The barcode presented in this study is based on diagnostic nucleotides for groups of species, referred to here as OPUs. Like the morphological classification of species, diagnostic methods provide a set of unique characters to assign specimens to species or species groups (Little and Stevenson, 2007). Diagnostic methods are particularly well-suited to pharmacopoeial purposes because a sequence generated from test material can be compared to a published sequence in a way that is comparable to other pharmacopoeial standards. The barcode we propose would require the user to amplify and sequence three regions, whereas the barcodes included in the British Pharmacopoeia to date are single regions (British Pharmacopoeia, 2016). We have limited the number of loci that would be part of the test to three because incorporating more loci would make the test more unwieldy for users. Limiting the number of regions necessarily reduces the number of informative sites. Identifying the most informative regions, as we do here, is therefore important. A deficiency of the diagnostic method is that further samples might show variation that is not present amongst the samples used for barcode design. However, there is scope to modify the published barcodes, perhaps by using the IUPAC nucleotide codes, if novel variants are reported.

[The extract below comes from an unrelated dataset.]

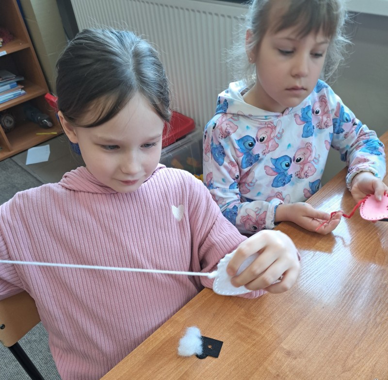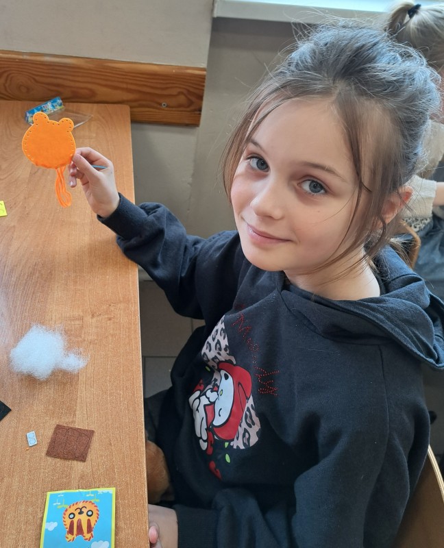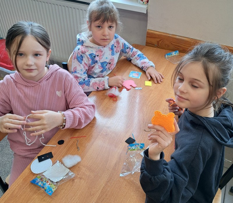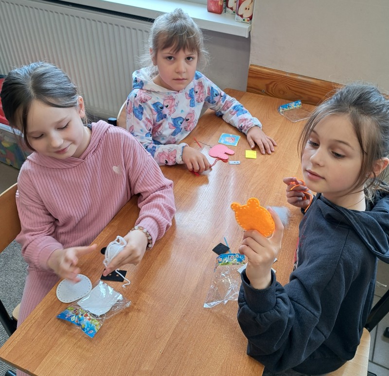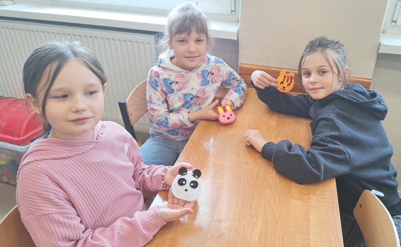 W ramach zajęć "Terapii ręki" realizowanych w projekcie "Zespół Edukacyjny w Skwierzynie - Równy Start II", który jest współfinansowany z Europejskiego Funduszu Społecznego Plus, dzieci tym razem wykonywały prace manualne z wykorzystaniem gotowych elementów do rękodzieła dla początkujących. Ich zadaniem było stworzenie modnych zawieszek oraz wisiorków do torby lub plecaka z wizerunkami zwierząt.

The diagnostic method has been implemented in various analysis tools (Sarkar et al., 2008; Weitschek et al., 2013), mainly for specimen identification. Some of the algorithms use logic mining techniques (Bertolazzi et al., 2009). Logic mining for DNA barcoding refers to a two-step process, in which the barcode is first reduced to a set of very informative nucleotides and thereafter a logic mining method is applied, to define a set of formulas for separating the species. More recent approaches, such as BLOG 2.0 (Weitschek et al., 2013), provide a diagnostic, character-based methodology to species identification that is based on supervised machine learning. Character-based approaches circumvents analytical issues such as the nearest-neighbor problem in distance-based methods (DeSalle et al., 2005). Although the in silico mixtures presented in this study were created from the samples that were used for producing the DNA barcode and are therefore not true test samples, the analysis demonstrates the utility of analyzing mixed samples based on diagnostic nucleotides when shotgun sequencing data is available.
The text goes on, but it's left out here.